I find that analogies can help explain things so that they can get it too. Here are some other articles that deal with the writing process. Several offer different analogies that compare the writing process with things like gardening, cooking, scrapbooking, and spelunking (caving). See if one or two of these analogies spark understanding in your reluctant writer.
- Your child’s writing: Garden or weed patch?
- What’s your favorite part of writing?
- 6 simple truths
- How is a writer like a spelunker?
4. Point to the future.
Students who choose to go to college quickly discover that the writing process is taught there as well. And as much as they may grumble and complain, it’s to their benefit to plan, draft, and improve each piece of writing.

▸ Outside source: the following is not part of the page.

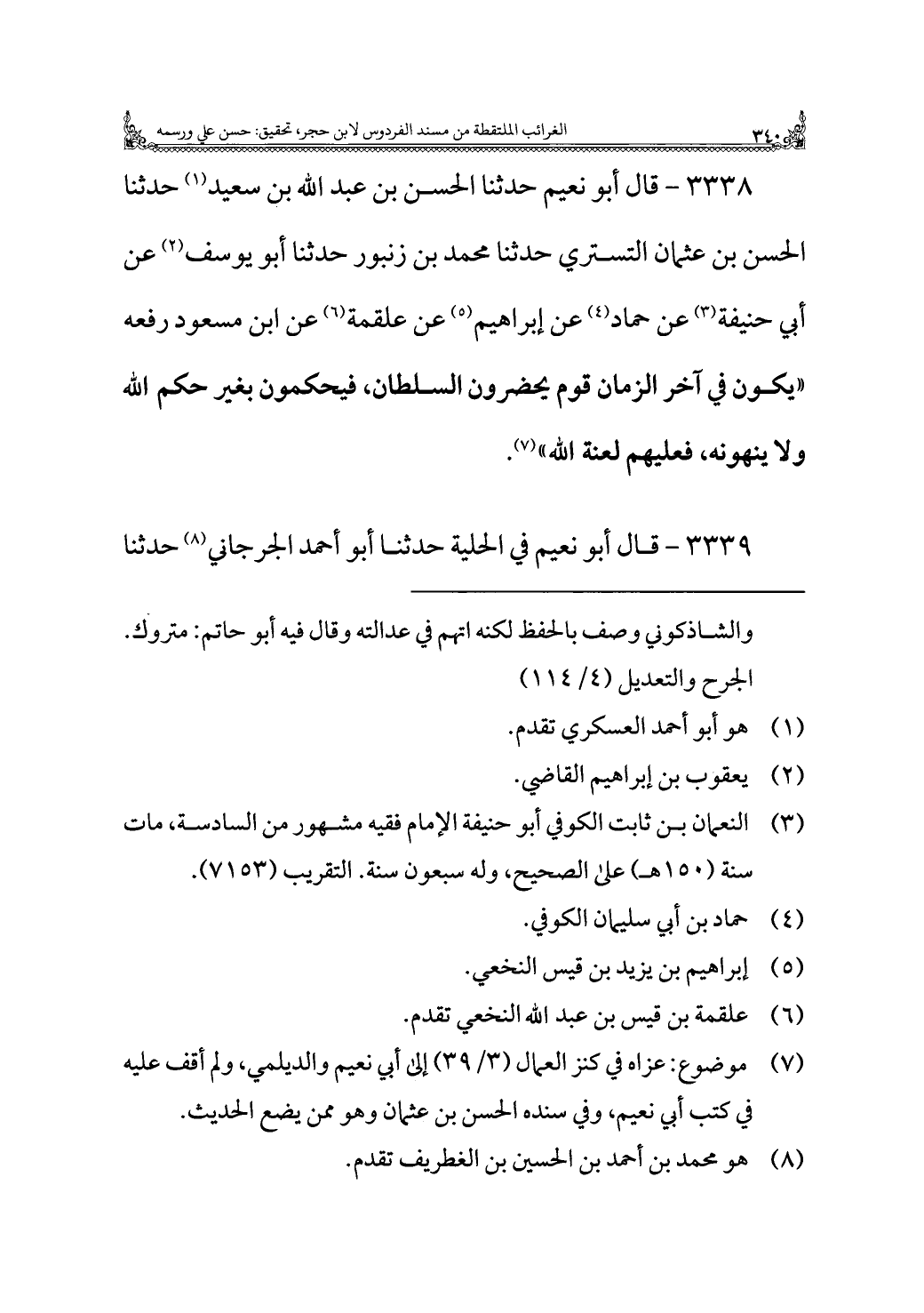 ٣٣٣٨ - قال أبو نعيم حدثنا الحسن بن عبد اللَّه بن سعيد (¬١) حدثنا الحسن بن عثمان التستري حدثنا محمد بن زنبور حدثنا أبو يوسف (¬٢) عن أبي حنيفة (¬٣) عن حماد (¬٤) عن إبراهيم (¬٥) عن علقمة (¬٦) عن ابن مسعود رفعه "يكون في آخر الزمان قوم يحضرون السلطان، فيحكمون بغير حكم اللَّه ولا ينهونه، فعليهم لعنة اللَّه" (¬٧).
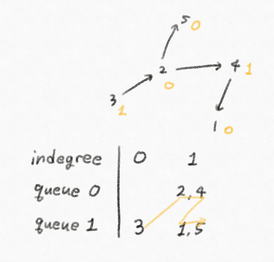 indegree가 0이 되는 섬이 나올 때 마다 queue에 집어넣어주면 됩니다.

Among curriculum sites, public schools, universities, and professional writers’ blogs and websites, the writing process is regarded as key to success. To help your teen see how vital these repetitive skills are, even at the college and professional level, here are a few outside sources that further explain the purpose and various stages of the writing process.
- Vanderbilt University | The Writing Studio
- The Writing Process
- Effective Business Writing: The Writing Process
Starting Young Is the Key
In the end, there’s no shortcut to bypass the writing process.
Planning and revising contribute to a composition or essay’s success just as much as the actual writing. To avoid arguments, head-butting, and apathy, train your children while they’re young, perhaps using a program like WriteShop Primary or WriteShop Junior.
Children who grow up with the writing process are more likely to accept and value it—even if they never learn to love it.